Your assignment> Check each line of the records below and collect those that include the word "which".
- Opening Delimiter -
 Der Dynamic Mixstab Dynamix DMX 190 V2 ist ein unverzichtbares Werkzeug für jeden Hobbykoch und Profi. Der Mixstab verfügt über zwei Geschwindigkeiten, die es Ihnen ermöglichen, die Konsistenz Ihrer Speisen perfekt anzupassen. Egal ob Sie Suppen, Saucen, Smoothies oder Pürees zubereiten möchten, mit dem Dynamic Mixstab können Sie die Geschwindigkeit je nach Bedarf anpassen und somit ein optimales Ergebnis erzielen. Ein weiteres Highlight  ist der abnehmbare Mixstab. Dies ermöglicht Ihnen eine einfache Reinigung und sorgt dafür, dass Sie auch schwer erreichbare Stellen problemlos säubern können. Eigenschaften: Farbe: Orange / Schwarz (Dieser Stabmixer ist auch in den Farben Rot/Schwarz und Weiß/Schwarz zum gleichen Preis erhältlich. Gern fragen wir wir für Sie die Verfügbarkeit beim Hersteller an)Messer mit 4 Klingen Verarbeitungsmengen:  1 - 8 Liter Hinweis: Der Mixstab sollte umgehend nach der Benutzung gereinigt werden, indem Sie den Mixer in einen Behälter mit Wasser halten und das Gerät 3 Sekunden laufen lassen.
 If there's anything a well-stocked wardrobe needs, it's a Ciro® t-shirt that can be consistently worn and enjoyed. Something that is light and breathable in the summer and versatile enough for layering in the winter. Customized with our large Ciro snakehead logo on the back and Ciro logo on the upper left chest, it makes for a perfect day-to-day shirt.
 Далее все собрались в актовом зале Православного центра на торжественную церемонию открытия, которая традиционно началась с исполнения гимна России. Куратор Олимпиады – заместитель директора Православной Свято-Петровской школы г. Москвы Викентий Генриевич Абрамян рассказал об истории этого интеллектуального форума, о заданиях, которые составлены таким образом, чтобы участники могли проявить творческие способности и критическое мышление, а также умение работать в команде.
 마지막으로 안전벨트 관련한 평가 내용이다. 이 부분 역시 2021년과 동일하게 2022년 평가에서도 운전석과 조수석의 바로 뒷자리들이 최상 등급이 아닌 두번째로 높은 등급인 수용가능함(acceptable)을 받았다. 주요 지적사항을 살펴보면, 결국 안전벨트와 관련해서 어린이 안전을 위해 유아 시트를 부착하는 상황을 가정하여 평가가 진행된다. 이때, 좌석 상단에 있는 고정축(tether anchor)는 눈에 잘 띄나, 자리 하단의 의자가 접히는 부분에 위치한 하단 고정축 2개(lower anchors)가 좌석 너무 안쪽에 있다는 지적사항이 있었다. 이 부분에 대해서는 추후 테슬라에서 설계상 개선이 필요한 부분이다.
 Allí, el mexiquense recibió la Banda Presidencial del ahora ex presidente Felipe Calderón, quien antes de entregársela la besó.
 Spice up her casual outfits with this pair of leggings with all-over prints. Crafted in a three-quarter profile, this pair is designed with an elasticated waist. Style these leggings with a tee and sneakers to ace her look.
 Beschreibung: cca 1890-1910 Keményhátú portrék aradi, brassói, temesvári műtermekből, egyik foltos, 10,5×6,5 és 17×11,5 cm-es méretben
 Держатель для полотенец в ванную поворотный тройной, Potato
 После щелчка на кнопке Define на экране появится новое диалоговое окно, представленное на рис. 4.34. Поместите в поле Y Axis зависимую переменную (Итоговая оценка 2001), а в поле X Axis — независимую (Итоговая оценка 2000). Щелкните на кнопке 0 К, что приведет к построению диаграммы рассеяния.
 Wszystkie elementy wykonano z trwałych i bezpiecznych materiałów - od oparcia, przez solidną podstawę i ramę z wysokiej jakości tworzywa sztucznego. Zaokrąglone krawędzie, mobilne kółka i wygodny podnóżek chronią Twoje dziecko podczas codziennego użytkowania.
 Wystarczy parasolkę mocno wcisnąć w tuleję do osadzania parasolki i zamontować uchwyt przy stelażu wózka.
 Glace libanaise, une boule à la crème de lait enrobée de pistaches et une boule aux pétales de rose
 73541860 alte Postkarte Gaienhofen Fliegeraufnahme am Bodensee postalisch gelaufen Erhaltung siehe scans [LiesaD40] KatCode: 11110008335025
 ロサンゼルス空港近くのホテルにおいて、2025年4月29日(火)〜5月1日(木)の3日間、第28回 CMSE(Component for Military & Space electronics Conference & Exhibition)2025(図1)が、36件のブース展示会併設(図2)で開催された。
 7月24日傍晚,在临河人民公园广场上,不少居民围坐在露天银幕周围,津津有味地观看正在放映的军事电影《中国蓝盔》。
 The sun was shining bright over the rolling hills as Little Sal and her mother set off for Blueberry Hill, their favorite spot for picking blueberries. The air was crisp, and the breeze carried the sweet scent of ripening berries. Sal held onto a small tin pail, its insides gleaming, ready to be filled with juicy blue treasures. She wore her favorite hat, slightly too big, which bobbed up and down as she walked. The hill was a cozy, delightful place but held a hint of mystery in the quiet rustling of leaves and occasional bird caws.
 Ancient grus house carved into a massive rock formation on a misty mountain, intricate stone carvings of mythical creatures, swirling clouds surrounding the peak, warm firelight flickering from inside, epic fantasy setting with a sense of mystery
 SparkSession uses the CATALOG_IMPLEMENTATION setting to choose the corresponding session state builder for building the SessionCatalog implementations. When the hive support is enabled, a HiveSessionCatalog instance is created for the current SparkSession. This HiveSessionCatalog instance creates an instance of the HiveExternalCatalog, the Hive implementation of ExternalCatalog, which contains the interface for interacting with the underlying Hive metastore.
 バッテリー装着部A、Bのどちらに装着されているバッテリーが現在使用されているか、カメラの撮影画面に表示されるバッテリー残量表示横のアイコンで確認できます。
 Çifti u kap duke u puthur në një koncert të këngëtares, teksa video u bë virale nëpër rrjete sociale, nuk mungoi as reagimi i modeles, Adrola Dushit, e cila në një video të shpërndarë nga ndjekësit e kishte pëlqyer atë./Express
- Closing Delimiter -
Result of this task>
 The sun was shining bright over the rolling hills as Little Sal and her mother set off for Blueberry Hill, their favorite spot for picking blueberries. The air was crisp, and the breeze carried the sweet scent of ripening berries. Sal held onto a small tin pail, its insides gleaming, ready to be filled with juicy blue treasures. She wore her favorite hat, slightly too big, which bobbed up and down as she walked. The hill was a cozy, delightful place but held a hint of mystery in the quiet rustling of leaves and occasional bird caws.
 SparkSession uses the CATALOG_IMPLEMENTATION setting to choose the corresponding session state builder for building the SessionCatalog implementations. When the hive support is enabled, a HiveSessionCatalog instance is created for the current SparkSession. This HiveSessionCatalog instance creates an instance of the HiveExternalCatalog, the Hive implementation of ExternalCatalog, which contains the interface for interacting with the underlying Hive metastore.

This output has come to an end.